__Record set__.
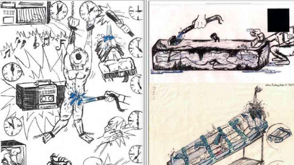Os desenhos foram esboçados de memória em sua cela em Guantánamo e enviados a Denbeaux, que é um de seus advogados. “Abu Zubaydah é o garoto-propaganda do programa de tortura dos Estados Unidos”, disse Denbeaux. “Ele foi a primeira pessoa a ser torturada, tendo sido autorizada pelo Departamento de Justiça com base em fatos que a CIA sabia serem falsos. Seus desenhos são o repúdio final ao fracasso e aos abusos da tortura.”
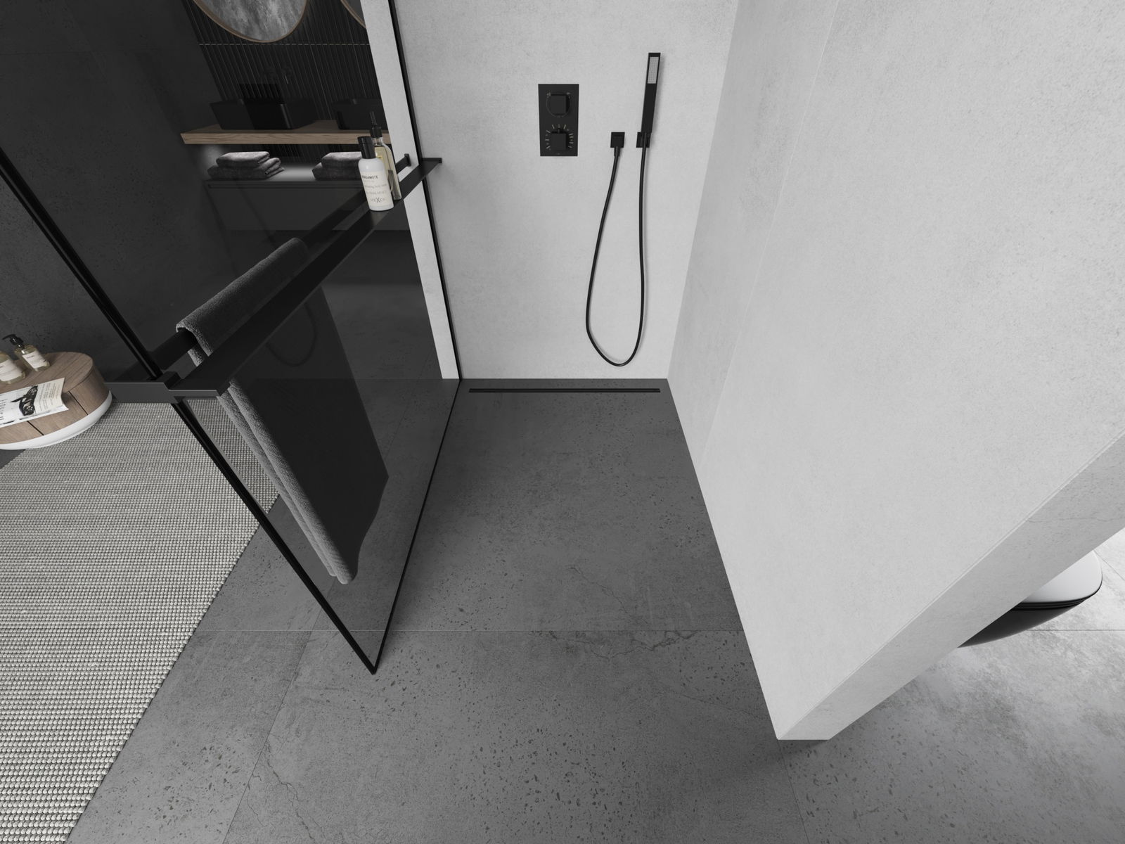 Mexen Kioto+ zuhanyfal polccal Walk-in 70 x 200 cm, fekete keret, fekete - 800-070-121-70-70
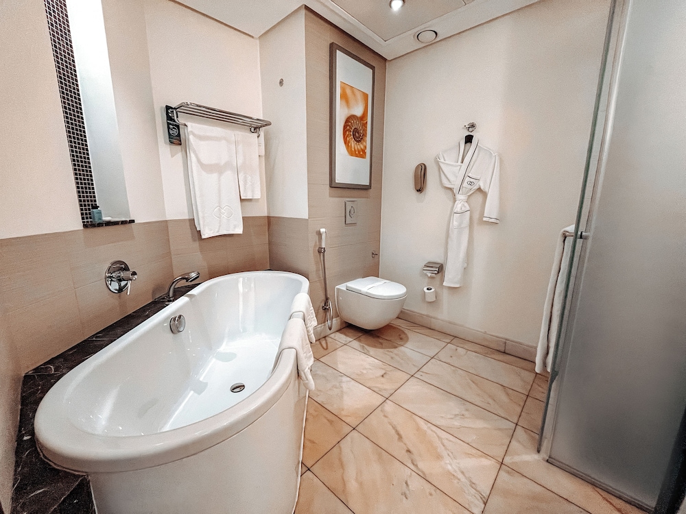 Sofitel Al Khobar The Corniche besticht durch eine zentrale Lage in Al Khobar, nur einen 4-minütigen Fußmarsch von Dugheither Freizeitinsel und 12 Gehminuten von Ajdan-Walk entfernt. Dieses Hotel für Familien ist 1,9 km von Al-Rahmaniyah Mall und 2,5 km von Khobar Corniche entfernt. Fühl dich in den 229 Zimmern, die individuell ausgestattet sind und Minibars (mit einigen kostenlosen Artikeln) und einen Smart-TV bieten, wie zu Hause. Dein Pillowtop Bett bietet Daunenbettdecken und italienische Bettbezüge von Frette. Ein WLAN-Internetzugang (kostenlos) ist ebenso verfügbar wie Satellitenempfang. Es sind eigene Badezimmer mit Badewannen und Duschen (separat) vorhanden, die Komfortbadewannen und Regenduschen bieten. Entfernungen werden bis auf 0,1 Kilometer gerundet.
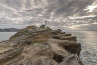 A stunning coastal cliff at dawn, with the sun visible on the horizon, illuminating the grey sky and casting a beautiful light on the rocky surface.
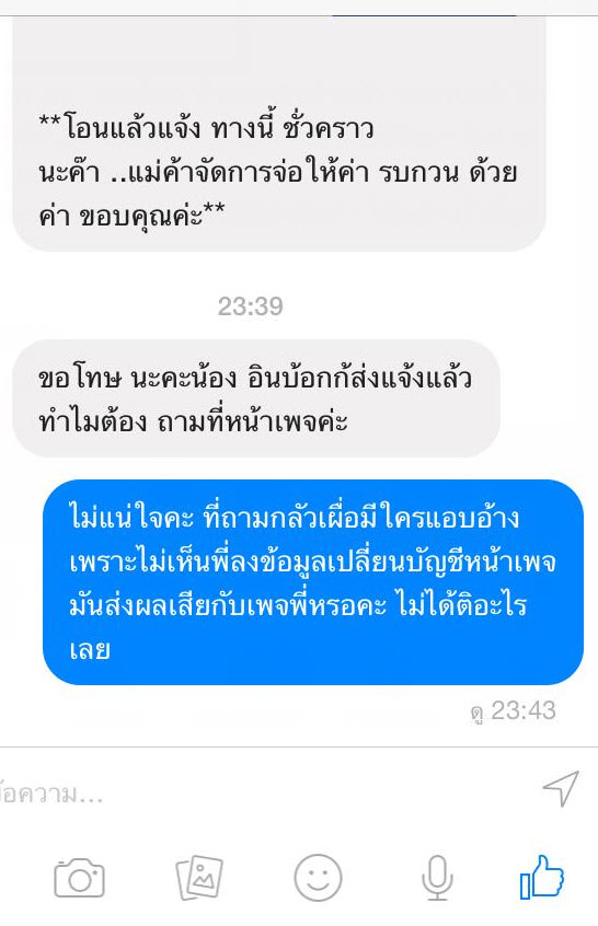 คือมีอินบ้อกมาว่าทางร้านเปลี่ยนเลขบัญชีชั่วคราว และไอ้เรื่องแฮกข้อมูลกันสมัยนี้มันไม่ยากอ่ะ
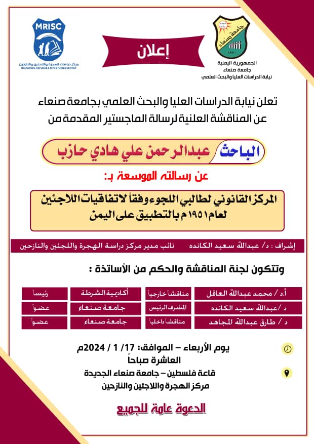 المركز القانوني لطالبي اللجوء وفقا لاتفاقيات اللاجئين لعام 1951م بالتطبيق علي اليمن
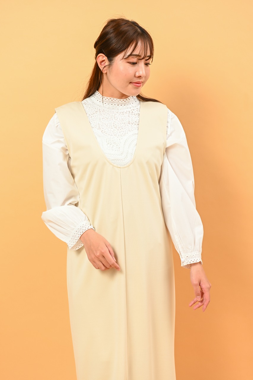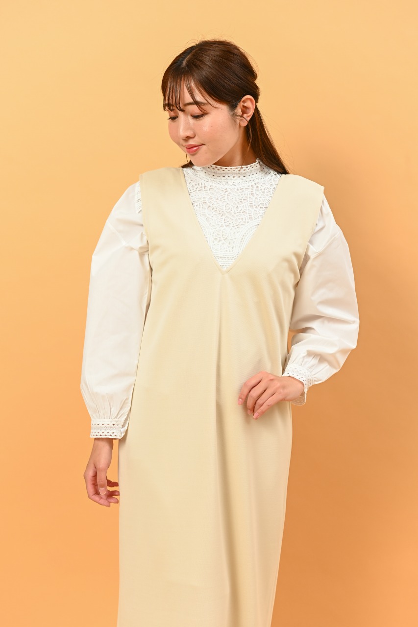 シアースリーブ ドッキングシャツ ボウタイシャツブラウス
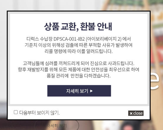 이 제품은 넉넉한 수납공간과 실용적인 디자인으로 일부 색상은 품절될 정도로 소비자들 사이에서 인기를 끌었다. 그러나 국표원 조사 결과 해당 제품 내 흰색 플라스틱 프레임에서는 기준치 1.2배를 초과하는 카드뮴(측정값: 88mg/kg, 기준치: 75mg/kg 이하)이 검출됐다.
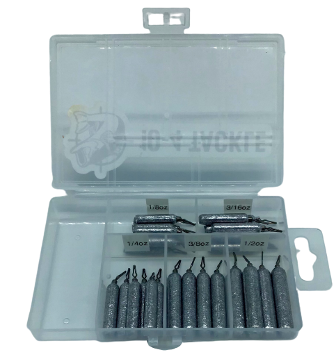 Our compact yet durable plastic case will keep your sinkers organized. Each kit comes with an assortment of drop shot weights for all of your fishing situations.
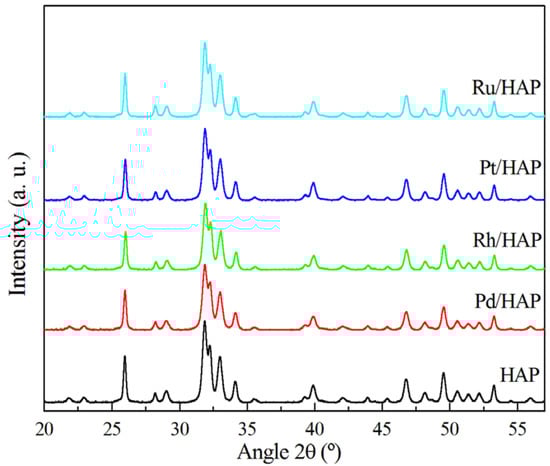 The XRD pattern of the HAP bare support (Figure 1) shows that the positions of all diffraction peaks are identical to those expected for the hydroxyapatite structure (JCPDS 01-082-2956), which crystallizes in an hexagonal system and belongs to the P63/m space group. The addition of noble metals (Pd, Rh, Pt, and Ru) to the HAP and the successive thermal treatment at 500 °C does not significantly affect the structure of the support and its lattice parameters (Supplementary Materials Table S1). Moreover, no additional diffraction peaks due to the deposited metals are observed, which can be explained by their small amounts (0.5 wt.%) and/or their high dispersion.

__What you should do__. Everything above from the line containing "A stunning coastal" down to the line containing "คือมีอินบ้อกมา" is to be duplicated exactly, both lines included, and the pictures are to be omitted.

__Expected answer__.
 A stunning coastal cliff at dawn, with the sun visible on the horizon, illuminating the grey sky and casting a beautiful light on the rocky surface.
 คือมีอินบ้อกมาว่าทางร้านเปลี่ยนเลขบัญชีชั่วคราว และไอ้เรื่องแฮกข้อมูลกันสมัยนี้มันไม่ยากอ่ะ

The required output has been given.